Hello everyone. Today’s post is going to cover the steps needed to follow should you ever have to remove a ‘Physical Disk’ resource from a clustered service or application where that disk is configured as a mount point. Removing a disk from a group may be needed if the application no longer requires the storage and there’s a need to utilize the disk in some other group or decommission it entirely.

First, I wanted to talk a little about dependencies and their function. Resource dependencies are created between one or more resources in a cluster group in order to determine the order in which resources in the group are taken online/offline. Take for instance a SQL Server resource that’s dependent on the ‘Physical Disk’ resources where SQL’s data is stored. A dependency should be established so that the SQL Server resource is dependent on the disk resource. This dependency will make sure the disk comes online first, and then SQL Server. Same thing when taking those things offline, except in reverse. The SQL Server resource will come offline before the disk comes offline. Obviously, we would not want to have SQL Server attempt to start until all the disks it was using was online first.

Once resources in a cluster group are linked with dependencies, you have to be careful when deleting resources out of a group.
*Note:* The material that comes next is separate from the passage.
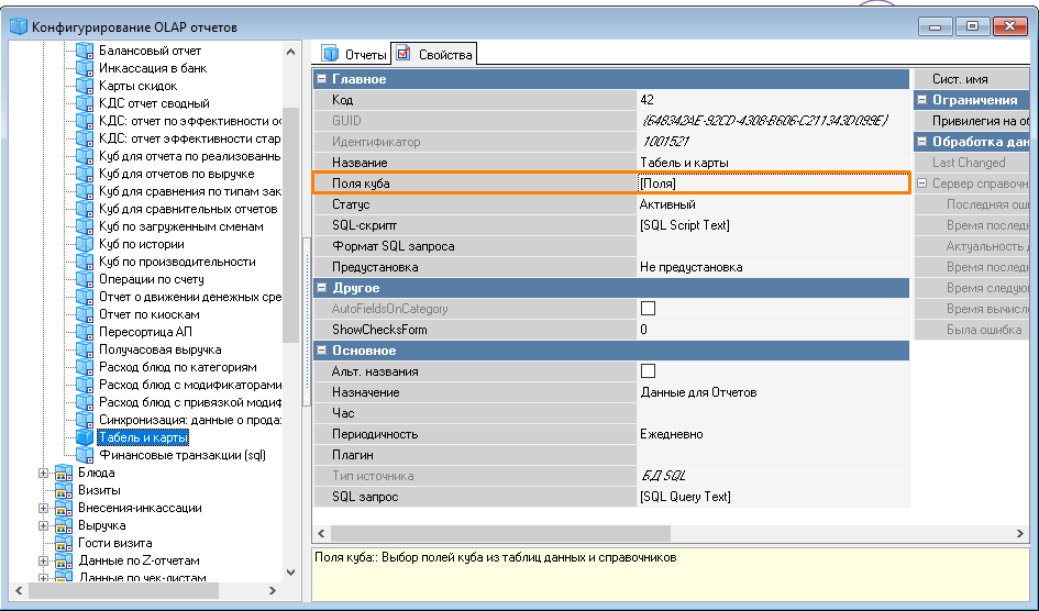 Важно! Кубы доступны только для кубовых отчетов. Для прямых отчётов кубы не строятся.

If you don’t remove dependencies properly, you may end up inadvertently removing other resources as well.

In this example, I have two resources in a cluster group, Resource A and Resource B. I establish dependencies between them so that Resource B is dependent on Resource B.

This means that when the group is brought online, Resource B will not be brought online until Resource A is online.

Here is what the dependency report looks like.

Now that these two resources are linked, you have to be careful when deleting these resources. If I were to delete Resource A from the group without first removing the dependency, BOTH resources will get removed.

At this point, a pop-up will appear warning that a removal of this resource could affect applications using this resource.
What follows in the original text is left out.